3D MHD models of the centrifugal magnetosphere from a massive star with an oblique dipole field

We present results from new self-consistent 3D magnetohydrodynamics (MHD) simulations of the magnetospheres from massive stars with a dipole magnetic axis that has a non-zero obliquity angle (beta) to the star's rotation axis. As an initial direct application, we compare the global structure of co-rotating discs for nearly aligned (beta = 5 degrees) versus half-oblique (beta = 45 degrees) models, both with moderately rapid rotation (similar to 0.5 critical). We find that accumulation surfaces broadly resemble the forms predicted by the analytical rigidly rotating magnetosphere model, but the mass buildup to near the critical level for centrifugal breakout against magnetic confinement distorts the field from the imposed initial dipole. This leads to an associated warping of the accumulation surface towards the rotational equator, with the highest density concentrated in wings centred on the intersection between the magnetic and rotational equators.

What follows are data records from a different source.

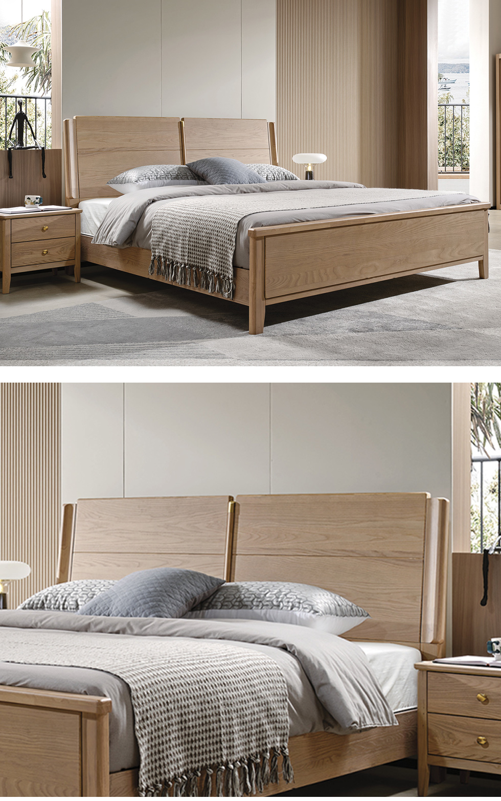 洛尔 中古风 现代实木 橡胶木+贴皮+科技布 麦卡色 1.8米 大床
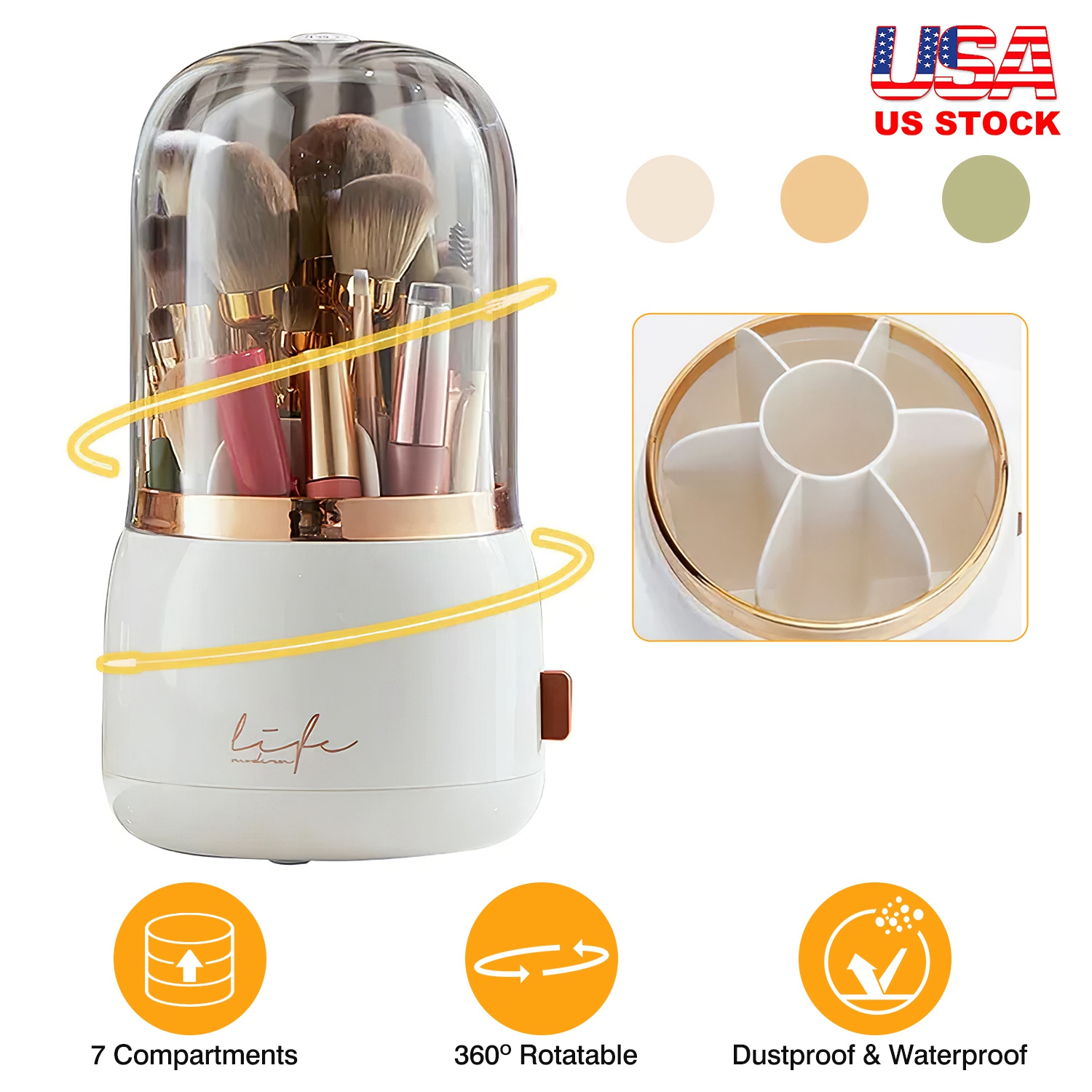 Home > 360° Rotating Makeup Brush Holder with Lid Makeup Organizer for Vanity Dustproof Makeup Brush Container with 7 Compartments
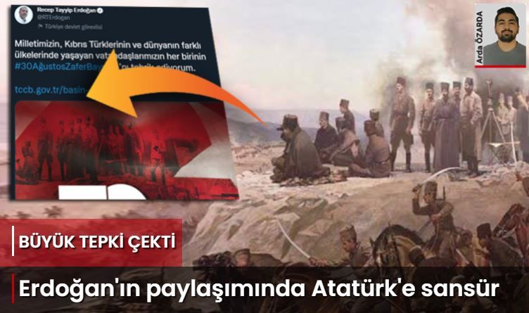 Kullanılan görselde Mustafa Kemal Atatürk'ün kesilerek sansüre uğraması sosyal medyada büyük tepki topladı.
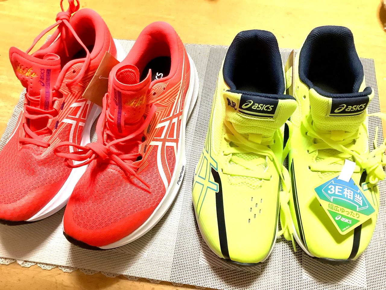 孫2人と、娘の靴と.3足買って来ました、小学生は、親と一緒に、走らなければなりませんので、2年生の男児は→ジイジと、4年生の男児は→パパが、お仕事のため→ママと.走る予定ですが、はたして、完走できるかどうか、カムイで、シューズを→3足買いました、名前を入れて頂き.3万円以上~かかったと、言っていました、2年生は.→マラソンまで.足をならすと言って→その場で.すぐ.履いていました、ご覧になって下さい。
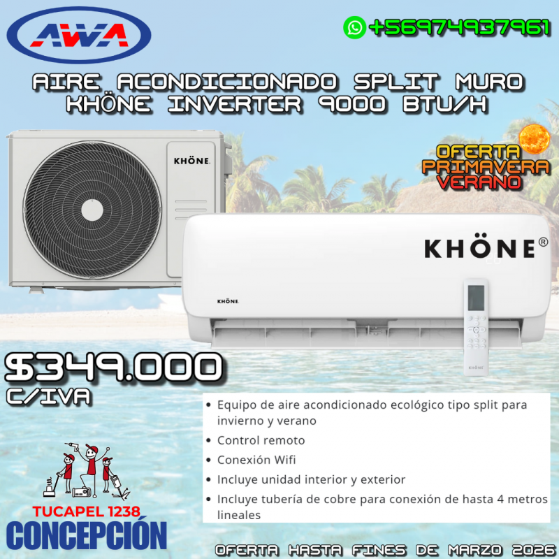 AIRE ACONDICIONADO SPLIT MURO KHÖNE INVERTER 9000 BTU/H
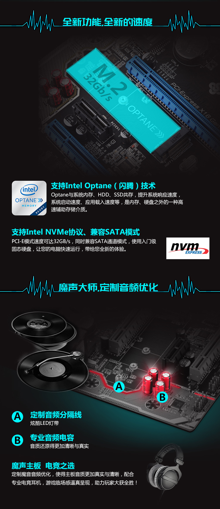 VGA+DVI+HDMI接口,雙顯卡插槽,支持Optane/Nvme/SATA的M.2插槽,數(shù)模分割線,音頻電容,中空散熱片

These MHD models can be used to synthesize rotational modulation of photometric absorption and H alpha emission for a direct comparison with observations.

Automated summary

We present new self-consistent 3D magnetohydrodynamics simulations to study the magnetospheres of massive stars with an oblique dipole magnetic axis. Our results show that the accumulation surfaces in the magnetospheres resemble the forms predicted by the analytical rigidly rotating magnetosphere model, but the mass buildup distorts the magnetic field and warps the accumulation surface towards the rotational equator. This study provides a tool to synthesize rotational modulation of photometric absorption and Hα emission for comparison with observations.